Qiao and Li studied the value of mesothelin in the diagnosis and follow-up of surgically treated ovarian cancer. They investigated 42 patients with ovarian cancer undergoing surgery, 48 with benign ovarian tumors, and 49 healthy controls. Blood samples from patients were collected before surgical intervention and 1 month postoperatively to test serum mesothelin levels. They found that mesothelin levels were higher in patients with ovarian cancer than in the controls. They also determined that the PPV, NPV, sensitivity, and specificity of serum mesothelin were 80.5, 81.6, 78.6, and 83.3 %, respectively, for the diagnosis of ovarian cancer. They concluded that serum mesothelin levels are elevated in ovarian cancer, with high specificity, and can be used as a preoperative diagnostic marker for ovarian cancer. Nevertheless, they did not compare it to CA125 [12]. Havrilesky et al. [13] mentioned that mesothelin is significantly correlated with tumor stage and grade in ovarian cancer, so this biomarker may be useful to monitor disease status in patients with recurrent ovarian cancer.

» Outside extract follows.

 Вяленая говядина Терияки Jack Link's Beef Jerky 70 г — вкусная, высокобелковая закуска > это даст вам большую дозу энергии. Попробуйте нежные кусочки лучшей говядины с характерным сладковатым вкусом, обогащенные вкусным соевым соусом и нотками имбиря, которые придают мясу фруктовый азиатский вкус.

In the present study, the reason for the high percentage of malignant lesions (nearly 40 %) we observed was probably that patients were recruited from the gynecologic oncology outpatient clinic at Ain Shams University Maternity Hospital, which is a large referral center in Egypt. The strengths of the current study included the inclusion of a high percentage (47.4 %) of patients with early-stage ovarian cancer (stage I/II) which helped us to validate or negate the superiority of mesothelin over CA125 as a significant predictor of early-stage (stages I/II) ovarian malignancy. However, further studies with a large number of patients are still needed.

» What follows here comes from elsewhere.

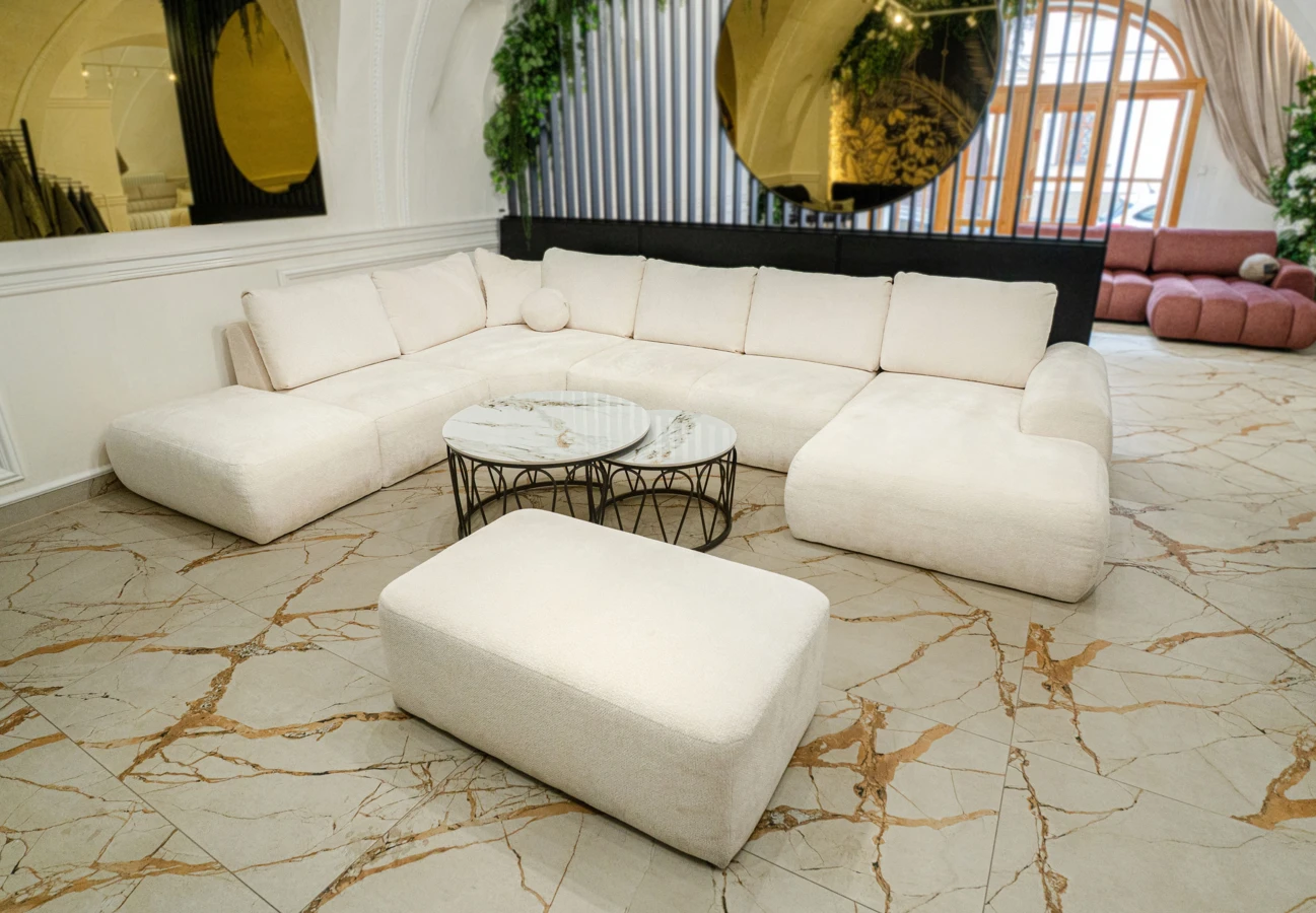 Rohová sedací souprava do U v moderním minimalistickém stylu.

Our study was limited by the absence of a control group, which may be explained by two facts: first, the absence of screening programs for early detection of ovarian cancer and second, the patient recruitment location, which was a gynecologic oncology outpatient clinic. This made it difficult to encounter healthy controls. Another limitation was that we only assessed serum mesothelin levels. Yet, as Badgwell et al. [14] reported, that urinary mesothelin levelsare more sensitive marker than serum mesothelin levels in differentiating patients with early and late stage ovarian malignancy from healthy controls. Moreover, other investigators demonstrated that, assaying fresh urine for mesothelin may increase the probability of diagnosis of early-stage ovarian disease and would lead to more frequent testing (perhaps at home) [3].

Conclusion

In ovarian cancer, mesothelin seemed to have the same sensitivity, but a higher specificity than CA125. Combination of mesothelin and CA125 had no advantage over mesothelin alone. Mesothelin rather than CA125 was a significant predictor of early-stage ovarian cancer (stage I/II).